38-325 Supply of a going concern
- (1) The supply of a going concern is GST-free if:
- (a) the supply is for consideration; and
- (b) the recipient is registered or required to be registered; and
- (c) the supplier and the recipient have agreed in writing that the supply is of a going concern.
- (2) A supply of a going concern is a supply under an arrangement under which:
- (a) the supplier supplies to the recipient all of the things that are necessary for the continued operation of an enterprise; and
- (b) the supplier carries on, or will carry on, the enterprise until the day of the supply (whether or not as a part of a larger enterprise carried on by the supplier).
40-35 Residential Rent
- (1) A supply of premises that is by way of lease, hire or licence (including a renewal or extension of a lease, hire or licence) is input taxed if:
- (a) the supply is of residential premises (other than a supply of commercial residential premises or a supply of accommodation in commercial residential premises provided to an individual by the entity that owns or controls the commercial residential premises ); or
- (b) the supply is of commercial accommodation and Division 87 (which is about long-term accommodation in commercial premises) would apply to the supply but for a choice made by the supplier under section 87-25.
- (2) However:
- (a) the supply is input taxed only to the extent that the premises are to be used predominantly for residential accommodation ( regardless of the term of occupation ); and
- (b) the supply is not input taxed under this section if the lease, hire or licence, or the renewal or extension of a lease, hire or licence, is a long-term lease.
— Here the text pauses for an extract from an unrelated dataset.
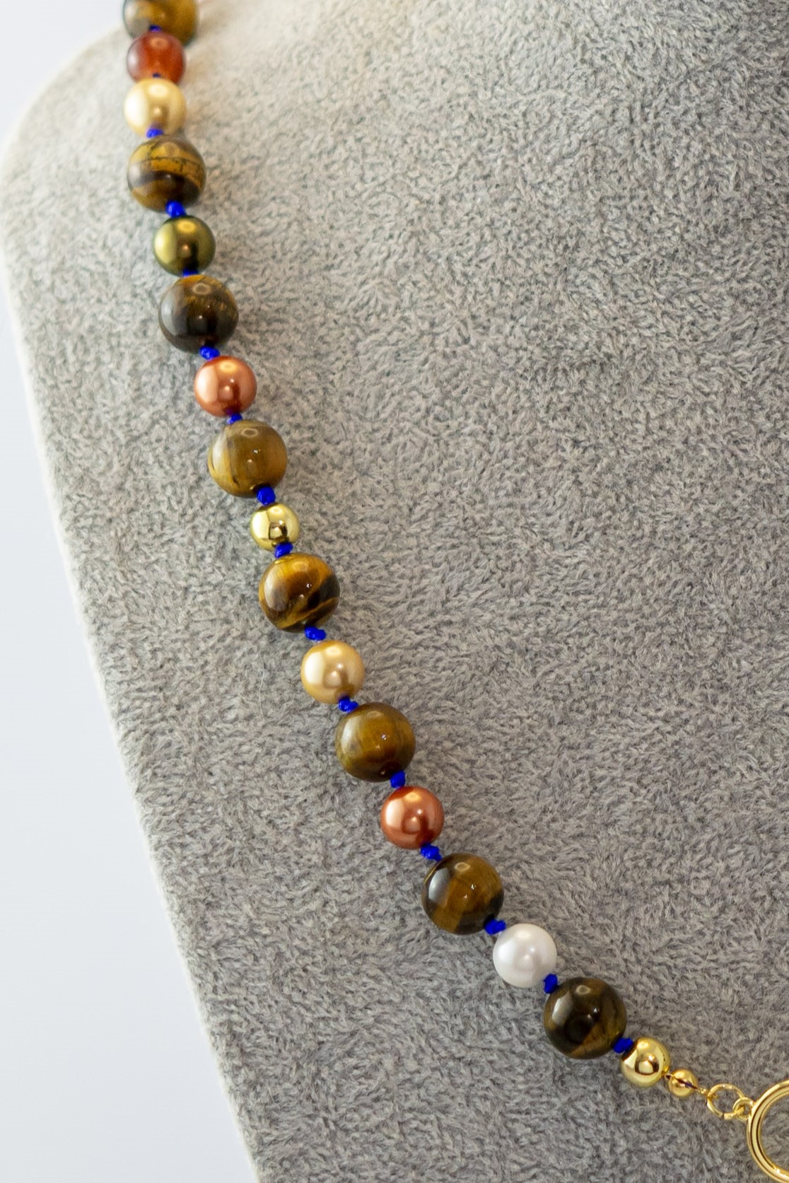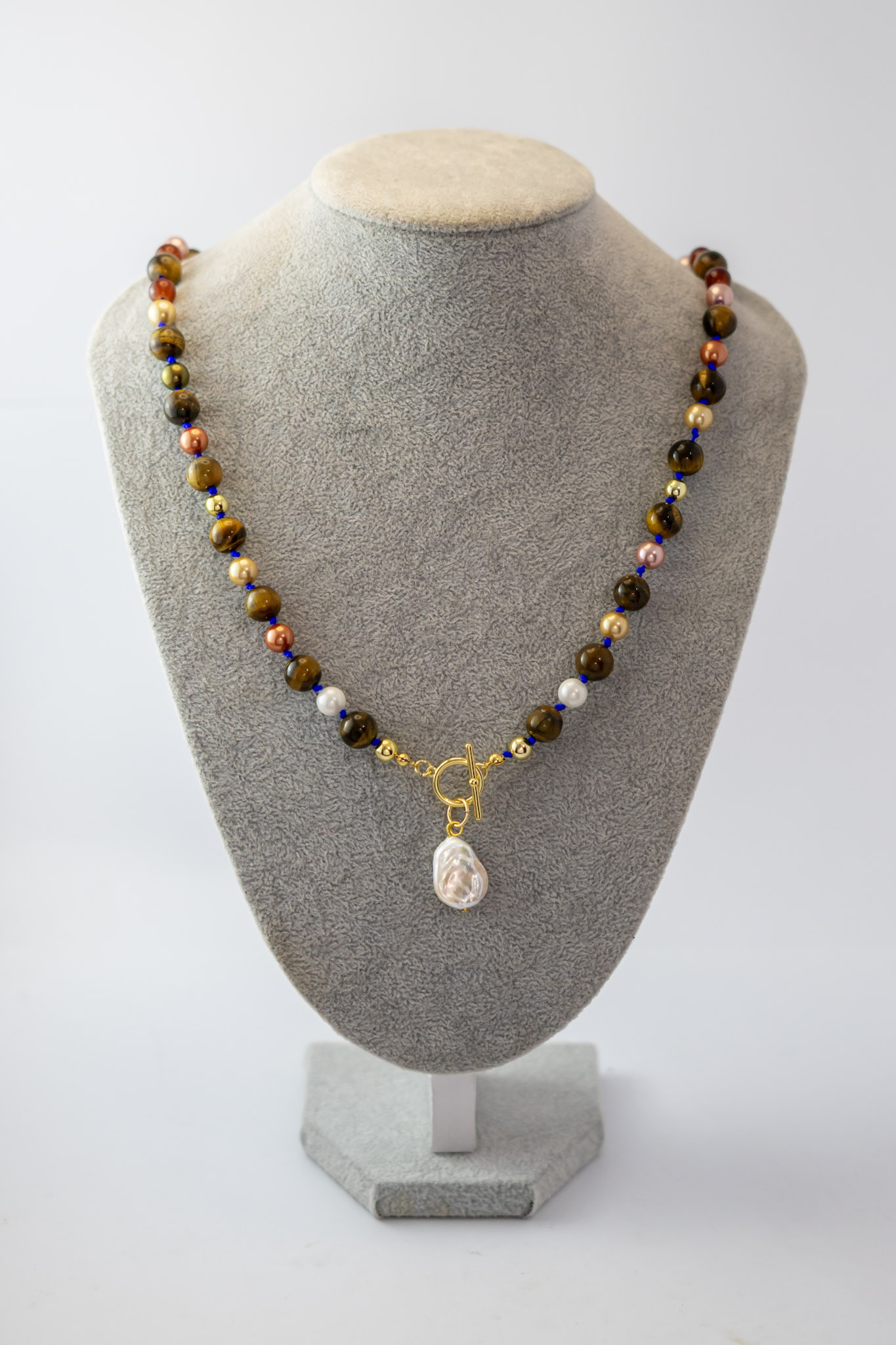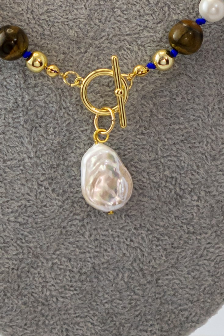 El Collar Perla Barroca destaca por su elegante combinación de tonos cálidos y texturas naturales. Su protagonista es una perla barroca, de forma orgánica y carácter único, acompañada por el brillo terroso del ojo de tigre, la suavidad de las perlas shell y la profundidad de las ágatas café.

40-65 Sales of residential premises
- (1) A sale of real property is input taxed , but only to the extent that the property is residential premises to be used predominantly for residential accommodation ( regardless of the term of occupation ).
- (2) However, the sale is not input taxed to the extent that the residential premises are:
- (a) commercial residential premises; or
- (b) new residential premises other than those used for residential accommodation ( regardless of the term of occupation ) before 2 December 1998.
40-75 Meaning of new residential premises
- (1) Residential premises are new residential premises if they:
- (a) have not previously been sold as residential premises ( other than commercial residential premises ) and have not previously been the subject of a long-term lease; or
- (b) have been created through substantial renovations of a building; or
- (c) have been built, or contain a building that has been built, to replace demolished premises on the same land."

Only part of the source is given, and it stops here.